# Word2GM Training Data Pipeline

**Pipeline: Corpus file → TFRecord training artifacts (triplets and vocabulary)**

Use this notebook to prepare a Google 5gram corpora for Word2GM skip-gram training.

## Pipeline Workflow

1. **Input**: Preprocessed corpus file (e.g., `2019.txt`) in `/vast` NVMe storage
2. **Processing**: TensorFlow-native filtering, vocabulary building, and triplet generation
3. **Output**: TFRecord artifacts in organized subdirectories (e.g., `2019_artifacts/`)

### **Artifact Storage**
The pipeline creates year-specific subdirectories alongside the original text corpora:
<pre>
/vast/edk202/NLP_corpora/.../data/
├── 2018.txt
├── 2019.txt
├── 2020.txt
├── 2018_artifacts/
│   ├── triplets.tfrecord.gz
│   └── vocab.tfrecord.gz
├── 2019_artifacts/
│   ├── triplets.tfrecord.gz
│   └── vocab.tfrecord.gz
└── 2020_artifacts/
    ├── triplets.tfrecord.gz
    └── vocab.tfrecord.gz
</pre>

## Set Up for Data Preparation

In [1]:
# Basic setup - add project src to path
import sys
from pathlib import Path
import os

# Set project root and add src to path
PROJECT_ROOT = '/scratch/edk202/word2gm-fast'
project_root = Path(PROJECT_ROOT)
src_path = project_root / 'src'

if str(src_path) not in sys.path:
    sys.path.insert(0, str(src_path))

# Enable autoreload for development
%load_ext autoreload
%autoreload 2

# Basic imports
import tensorflow as tf
import numpy as np
import pandas as pd

# Import the batch processing function directly
from word2gm_fast.dataprep.pipeline import batch_prepare_training_data

print("Setup complete - ready for data preparation")
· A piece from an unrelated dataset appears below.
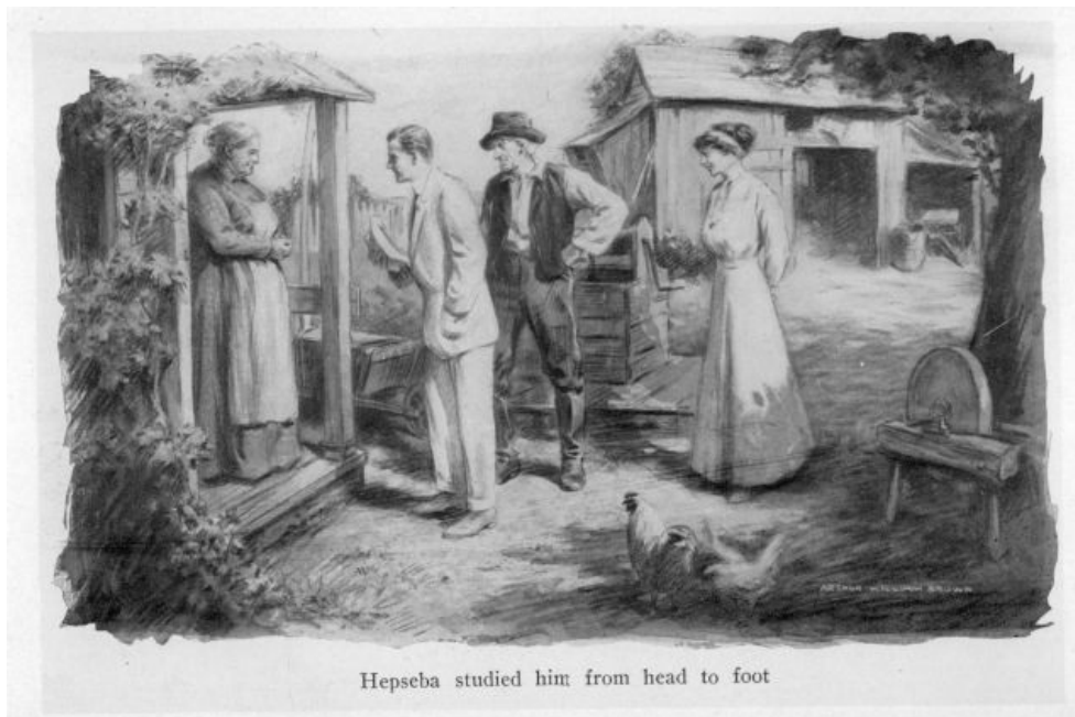
Hepseba studied him from head to foot

2025-07-14 17:40:48.131008: I tensorflow/core/util/port.cc:153] oneDNN custom operations are on. You may see slightly different numerical results due to floating-point round-off errors from different computation orders. To turn them off, set the environment variable `TF_ENABLE_ONEDNN_OPTS=0`.
2025-07-14 17:40:48.147376: E external/local_xla/xla/stream_executor/cuda/cuda_fft.cc:467] Unable to register cuFFT factory: Attempting to register factory for plugin cuFFT when one has already been registered
E0000 00:00:1752529248.165213 2041250 cuda_dnn.cc:8579] Unable to register cuDNN factory: Attempting to register factory for plugin cuDNN when one has already been registered
E0000 00:00:1752529248.170561 2041250 cuda_blas.cc:1407] Unable to register cuBLAS factory: Attempting to register factory for plugin cuBLAS when one has already been registered
W0000 00:00:1752529248.184454 2041250 computation_placer.cc:177] computation placer already registered. Please check linkage and avoid linking 

Setup complete - ready for data preparation


## Print Resource Summary

In [2]:
# Import and run resource summary
from word2gm_fast.utils.resource_summary import print_resource_summary

print_resource_summary()

2025-07-14 17:40:52.170233: E external/local_xla/xla/stream_executor/cuda/cuda_platform.cc:51] failed call to cuInit: INTERNAL: CUDA error: Failed call to cuInit: UNKNOWN ERROR (303)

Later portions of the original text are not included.